Micrography is a python package with the goal of incorporating graph data for the analysis of electron microscope images.

Motivation

We want to be able to actively control an electron microscope to analyze regions of a material in the most efficient way possible. In particular, we want to direct the microscope to focus on regions which are "interesting". We can call these areas outlier or defects.

Using open source STEM images, we can extract molecule locations. We label each pixel defining each region. We then find the centroid of each region, as well as some other features like stdv in the x and y dimensions.
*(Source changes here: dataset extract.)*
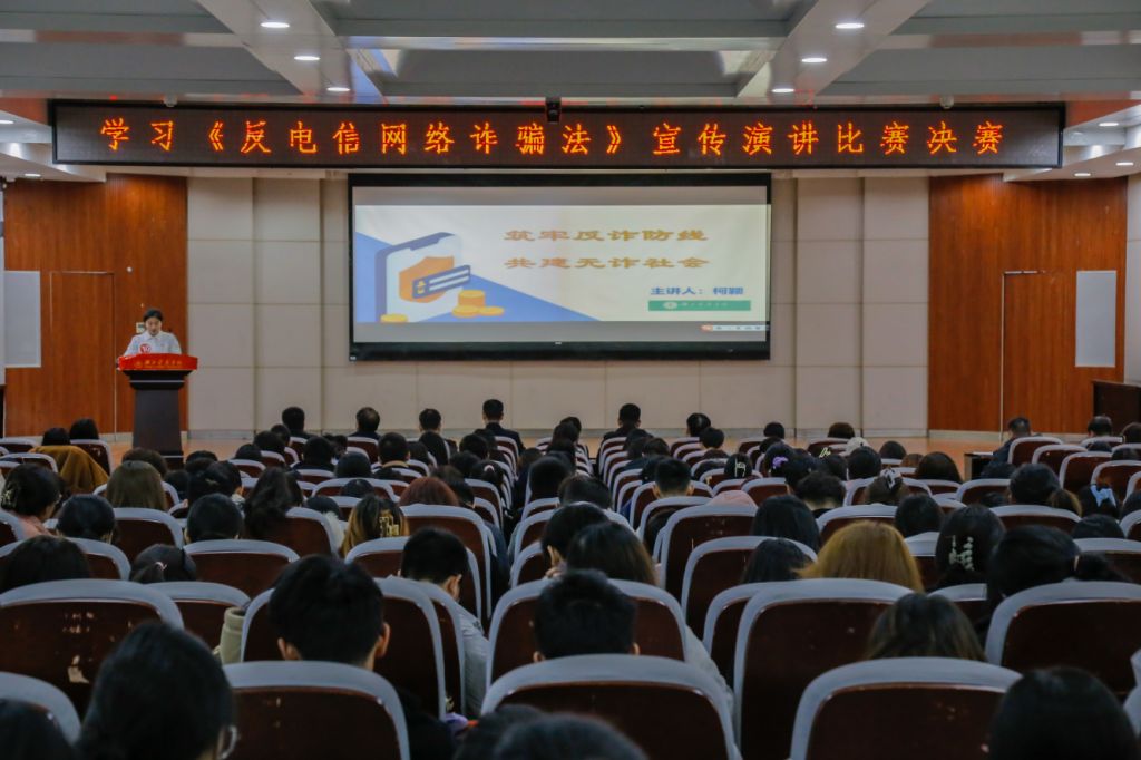 本网讯(通讯员 唐闫阳 闵思彤)3月16日下午,我校于八号楼多功能厅举行“筑牢反诈防线 共建平安校园”《反电信网络诈骗法》宣传演讲大赛决赛。党委常委、组织部部长张海蛟,十堰市公安局反诈中心负责人毛群,校保卫处、学工部、团委,各学院分管学生工作的领导参与本次活动。

We can construct a graph from this by finding the 4 nearest neighbors to each molecule and connecting them with edge, though, this is a naive assumption for now, as not all molecules may have 4 neighbors due to defects. However, we operate on this assumption for now. Using this information from nearest neighbors and the image data, we can learn more meaningful relationships about materials.

Initial Goals

  • Efficiently extract graphs from electron microscope images
  • Compare interpretability to traditional Autoencoder
  • Explore material graph structure features
  • Use GNNs to predict defects in materials
  • Use GNNs to guide an electron microscope to areas of interest

Current State

We were able to complete quite a lot of work in a short amount of time, but were not able to fully reach our goal of using a GNN to predict unseen regions to guide a microscope to "interesting" regions. We hope to further develop this code to do so in the future, as well as explore more deeply how graphs can help us learn about and guide material imaging and discovery.

Installation

To run this code, we recommend using a virtual environment. We support conda, uv, and pip. It is only necessary to use one of these methods, so choose the one that you are most comfortable with.

Conda

We recommend using conda with the mamba solver, as it is much faster than the default conda solver. You can find a distribution through miniforge repo. Once this is installed, you can create an environment with the following command:

Nvidia GPU

mamba env create -f cuda_env.yml
mamba activate micrography

CPU

mamba env create -f cpu_env.yml
mamba activate micrography

UV

uv is a replacement for pip which is faster and more reproducible. You can install it from here. Once you have uv installed, you can create a virtual environment with the following command:

uv venv

Pip

If you prefer to use pip, you can install all dependencies into your current environment with the following command:

pip install -r requirements.txt

However, we recommend using a virtual environment to avoid conflicts with other packages.

python -m venv venv
source venv/bin/activate
pip install -r requirements.txt

Data

Sample data for this repo is taken from STEM images and associated parameters for Sm-doped BFO.

Usage

All examples in micrography are written in the form of marimo notebooks. These are reproducible and easily version controlled, unlike standard jupyter notebooks. They can additionally be run as standalone python scripts, making them much more ergonomic for development. For more information on marimo, see the documentation.

NOTE This is tentative and will be updated as the project progresses. We are doing most of the current work in the project.py file, as well as standardized functions being written in the pipeline.py and utils.py files. We will move the final work to marimo notebooks for reproducibility and ease of use later.